Editorial

Even Halloween, the once-pagan festival that is for most American youth a day of costumed candy consumption and toilet paper tomfoolery, is not safe from the clutches of political correctness.

As detailed in a New York Times article (“This Halloween, Unarmed Power Rangers and Devils Without Pitchforks”), more schools across the United States are adopting a policy that bars children from sporting so-called ‘violent’ accessories with their Halloween costumes at school when celebrating the holiday.

“Prompted by school shootings across the country, a growing number of elementary schools, wary of the violent images that even 6- or 7-year-olds packing water pistols might project, have been trying to paint a friendlier face on America’s day for celebrating mischief,” wrote Times reporter Vincent M. Mallozzi.

A pirate, for example, would not be able to wear a plastic toy sword under this policy, nor would a Power Ranger be able to tote his laser blaster. In another case, “a pint-size Batman” was told “to leave his utility belt at home.”

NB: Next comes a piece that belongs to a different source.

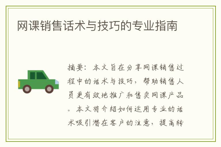 :本文旨在分享网课销售过程中的话术与技巧,帮助销售人员更有效地推广和售卖网课产品。本文将介绍如何运用专业的话术吸引潜在客户的注意,提高转化率,并遵循百度SEO需求,提升内容可见性。

Simply put, administrators want to do what they can to cull whatever violence could grow in their schools.

This is a laudable goal, but banning major parts of Halloween costumes approaches it the wrong way and threatens to diminish a hallmark of the childhood experience: fantastic dress-up and imaginative dreams.

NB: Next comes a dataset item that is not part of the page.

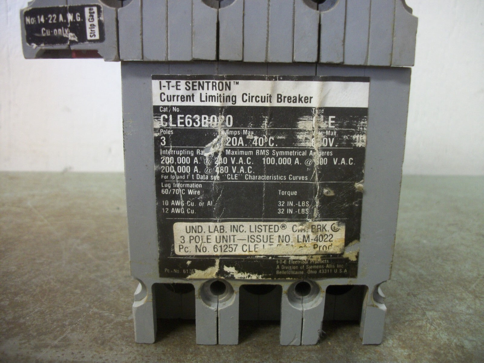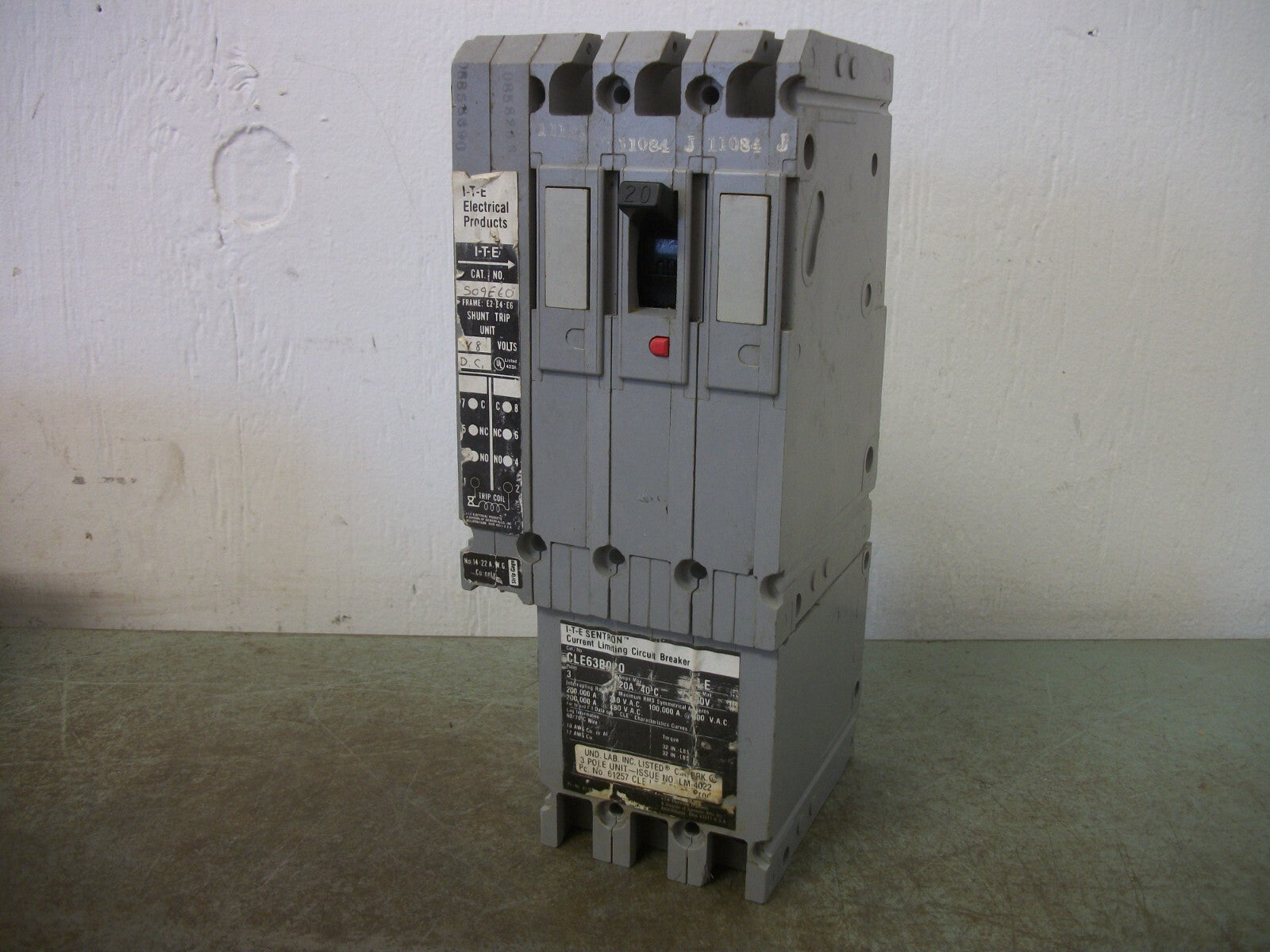 SIEMENS ITE SENTRON CLE CIRCUIT BREAKER CLE63B020 20AMP 600VOLT 3POLE W/SHUNT

More importantly, there’s no empirical evidence to suggest that the absence of Power Ranger lasers and plastic Ninja blades on one particular day of the school year greatly reduces the chance that a school shooting will occur.

There’s also no evidence that the presence of toy weapons on Halloween creates irremediable rifts in young psyches that become pathological and lead some to carry out school shootings.

There are also many people in America who play with toy weapons when they are children, relish first-person shooter games when they are adolescents and even take interest in marksmanship when they are teens – and don’t go on murderous rampages. The correlation between the presence of real or fake weapons to real life violence is weak.

A generation of electronic Duck-Hunters, to give an example, didn’t create a generation of Dylan Klebolds or Eric Harrises.

Granted, it would make sense if toy weapons that could be mistaken for real weapons, like metal or metallic toy guns, were banned from schools, because they could confuse law enforcement and result in a deadly situation.

A light saber or plastic nunchucks, on the other hand, cannot; hence administrators should permit blatantly artificial “weapons” that are Halloween costume accessories in schools.

Otherwise, Halloween will be a lot less of a treat and more of a disappointing trick for children.